Unless I miss some important point, feel free to prove me wrong.

Take a look at http://apps.sourceforge.net/trac/lilith/wiki/AppenderPitfalls 
  if you haven't already and let me know if you find any mistakes,  

My big pain-point with UnsynchronizedAppenderBase is also it's main  
feature: It's leaving all the locking to the respective implementation.
All I'm trying to say is that it's very easy to do that part wrong and  
that it won't be apparent if it *is* done wrong.

> Again, even if you make it "fair" the amount of time the lock is  
> being held means AppenderBase will almost certainly still be the  
> biggest bottleneck in your system when logging is enabled.
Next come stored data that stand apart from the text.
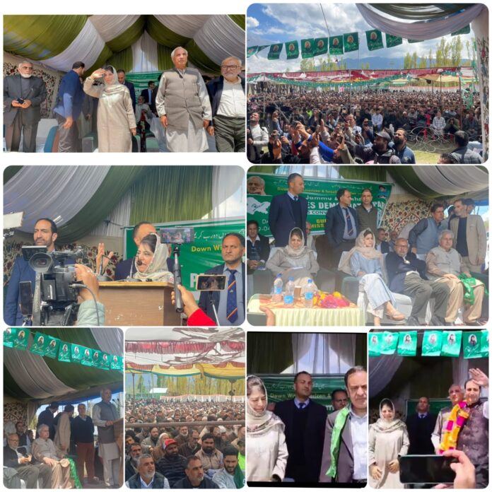 Kulgam, April 9: In a show of unprecedented public enthusiasm, thousands of people gathered in Kulgam to warmly welcome former Chief Minister of Jammu & Kashmir and President of the Jammu & Kashmir Peoples Democratic Party (PDP), Mehbooba Mufti, during her visit today. The massive turnout reflected strong public support and renewed energy among party workers and supporters.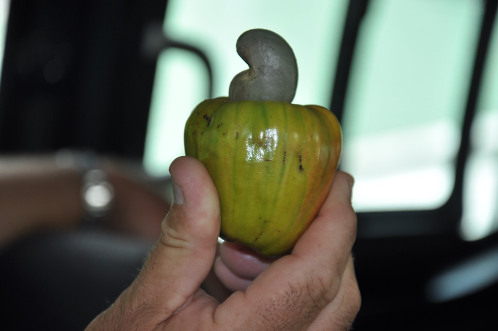 Detta är en cashew frukt med cashewnöten högst upp. Dvs en nöt per frukt!! I detta tillståndet är nöten giftig, den fräter bort skinnet där nöten haft hudkontakt dvs om man pillrar ut den från skalet. Så vad man gör är att man plockar bort nötterna från frukten och lägger nötterna i t.ex glödande kol några minuter. Man kan då se hur giftet kokar bort. Sedan är det bara att skala, äta och njuta. Själva frukten lär vara söt och saftig. Vi smakade inte.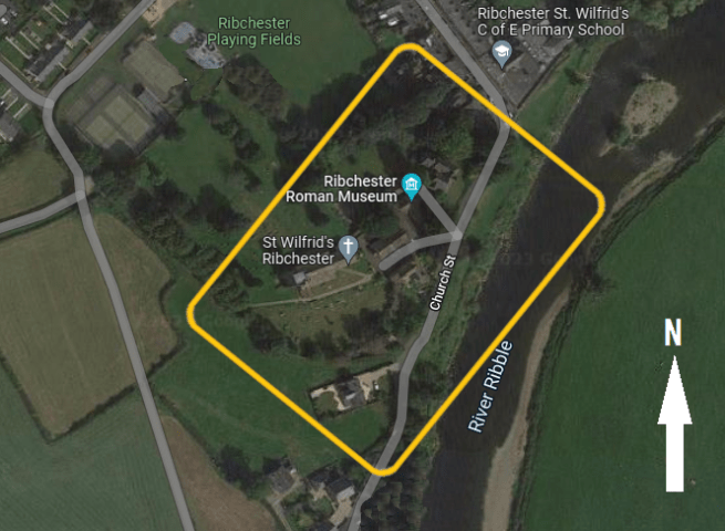 If you stand on the main car park in Ribchester (PR3 3ZH) and face the playing field you are viewing the site of the fort. If you turn right out of the car park and march westwards and follow the road where it bends left, then take the path through the gate when the road bends right, you will arrive at the footprint of the fort just before you reach the gate into the churchyard. If you walk through the graveyard, you will be diagonally crossing the interior of the fort. That path will lead you directly to the museum and if you continue past that you will arrive at the bend in Church Street which marks the site of the north-eastern wall. Jim Ridge lived at number 2. Just across the road a long row of public benches lines the river side of the school wall. The view from here has changed in detail since Roman times (the river has moved) but the topography of the skyline remains the same, with the mighty Pendle Hill dominating the distance. By following the path past the benches, you will skirt the Duddle Brook tributary to reach the rear entrance to the Roman Bath excavations. A longer, but more sedate, route to them is to be had by continuing northwards along Church Street, branching right down Water Street, pass the White Bull pub then turn right into Greenside and first right again.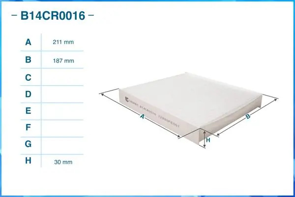 | Наименование | Фильтр салонный пылевой B14CR0016 |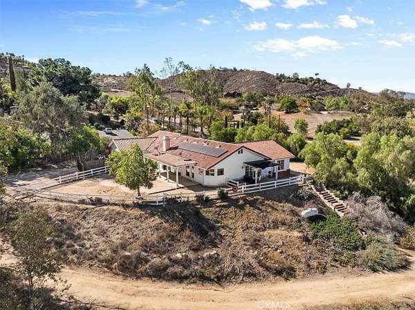 Don't miss this rare opportunity to own a stunning single-story Spanish Ranch-style home with breathtaking views of Lake Mathews and the surrounding hills! Situated on 2.45 acres, this property offers endless possibilities--build your dream horse facilities, an RV garage, workshop, or even an ADU.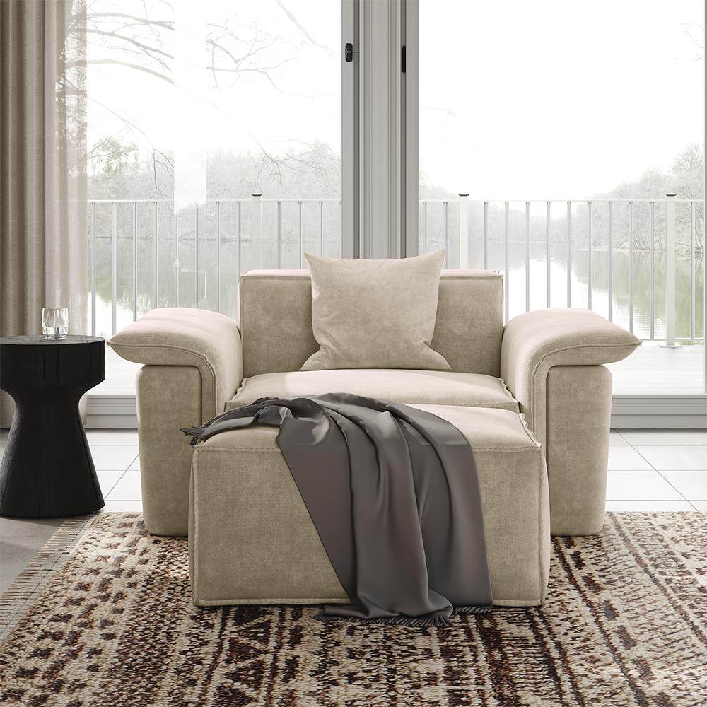 51.96" Minimalist Accent Chair with Ottoman, Deep Seat Couch, Anti-scratch and Water-proof, Beige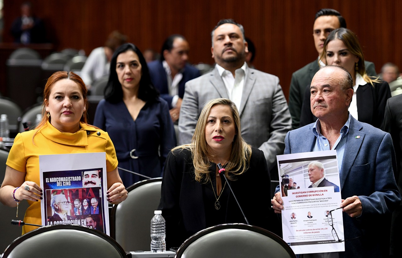 También comentó que el descaro es tal, que existe registro oficial en cámara de video, de la detención del vehículo de la Secretaría de Bienestar Social en el retén militar de la Laguna Salada resguardado por la Secretaría de la Defensa Nacional, en el que transportaba la cantidad de 4 millones de pesos en efectivo, retén en el que se presume estaban presentes Cynthia Gissel y su secretario particular quienes llevaban el moche.

Yep, if you don't want that bottleneck you have to disable/reduce  
logging. Logging *will* always be a bottleneck.
The only way to "fix" this is by using one file/socket/whatever per  
thread which I'd consider a bit unpractical.


* My actual, personal Lilith appender implementation is just  
converting the log event into a byte array, adding it to a  
BlockingQueue, while holding the lock. This could be enhanced by just  
using a fair BlockingQueue and removing the surrounding lock  
alltogether, as you said correctly. Those bytes are then sent to n  
recipients, each in it's own thread.

But that's not really the point here. The point is that all appenders  
extending the current AppenderBase may result in starvation effects on  
multi-core systems, as shown.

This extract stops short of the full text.